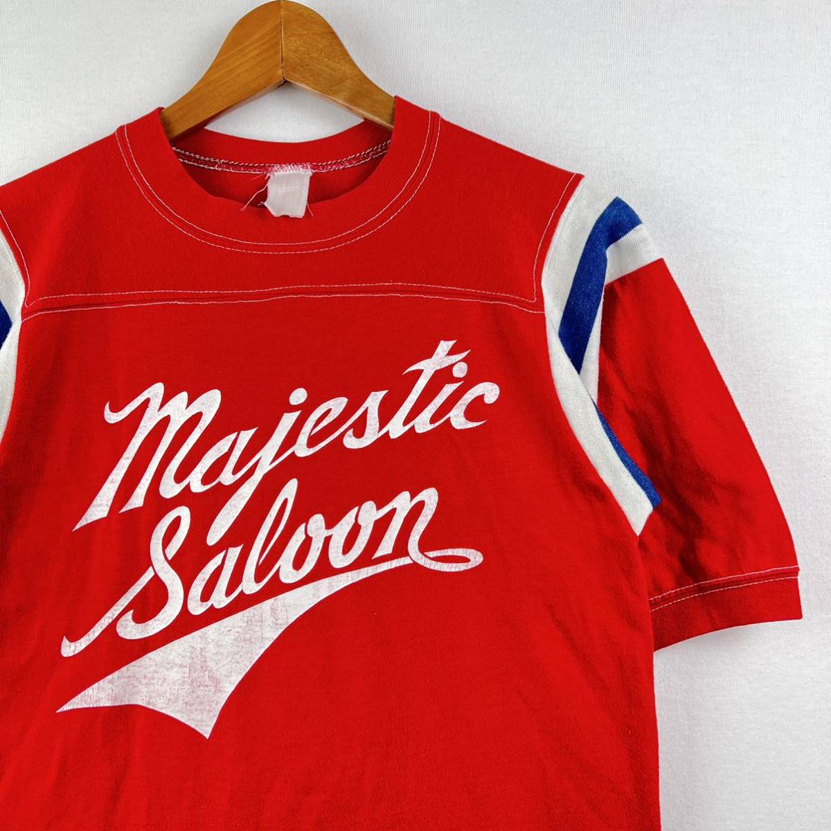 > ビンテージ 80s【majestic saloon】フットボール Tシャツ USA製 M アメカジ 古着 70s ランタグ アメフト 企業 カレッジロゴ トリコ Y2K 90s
...
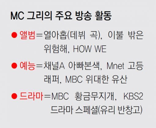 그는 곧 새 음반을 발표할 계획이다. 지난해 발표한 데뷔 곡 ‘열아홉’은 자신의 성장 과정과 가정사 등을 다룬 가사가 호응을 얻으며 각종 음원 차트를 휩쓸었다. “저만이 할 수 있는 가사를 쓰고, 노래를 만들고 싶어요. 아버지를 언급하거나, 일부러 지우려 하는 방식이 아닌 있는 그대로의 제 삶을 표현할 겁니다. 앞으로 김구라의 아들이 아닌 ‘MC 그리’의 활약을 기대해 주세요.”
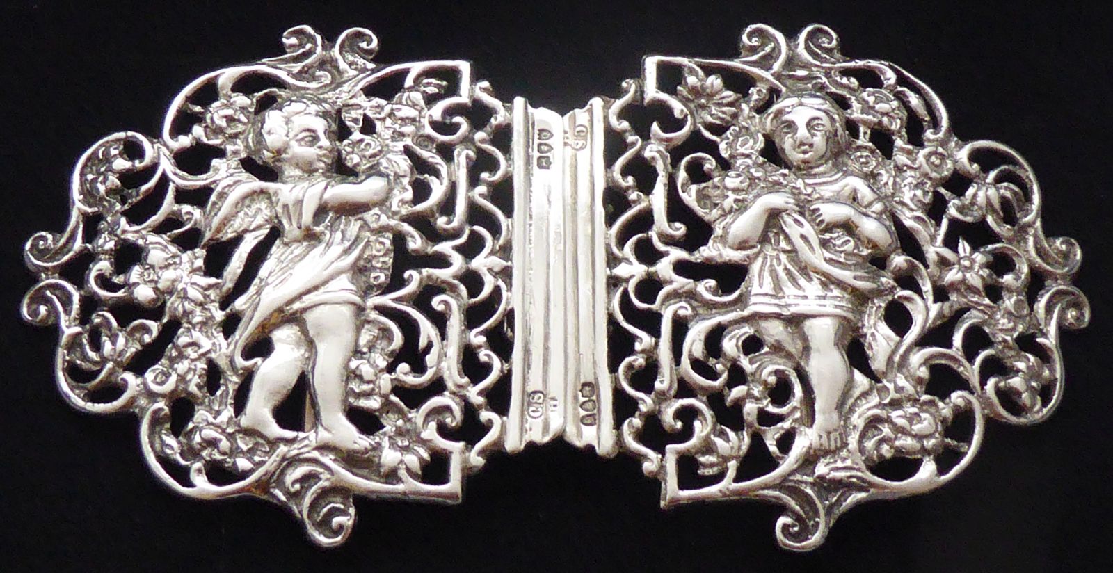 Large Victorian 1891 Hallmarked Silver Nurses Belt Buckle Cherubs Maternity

■ TASK REQUIREMENTS ■
Only one stretch of the listing is wanted: the lines starting at the one with "그는 곧 새 음반을 발표할" and ending at the one with "Large Victorian 1891", copied exactly and free of pictures.

■ EXPECTED OUTPUT ■
 그는 곧 새 음반을 발표할 계획이다. 지난해 발표한 데뷔 곡 ‘열아홉’은 자신의 성장 과정과 가정사 등을 다룬 가사가 호응을 얻으며 각종 음원 차트를 휩쓸었다. “저만이 할 수 있는 가사를 쓰고, 노래를 만들고 싶어요. 아버지를 언급하거나, 일부러 지우려 하는 방식이 아닌 있는 그대로의 제 삶을 표현할 겁니다. 앞으로 김구라의 아들이 아닌 ‘MC 그리’의 활약을 기대해 주세요.”
 Large Victorian 1891 Hallmarked Silver Nurses Belt Buckle Cherubs Maternity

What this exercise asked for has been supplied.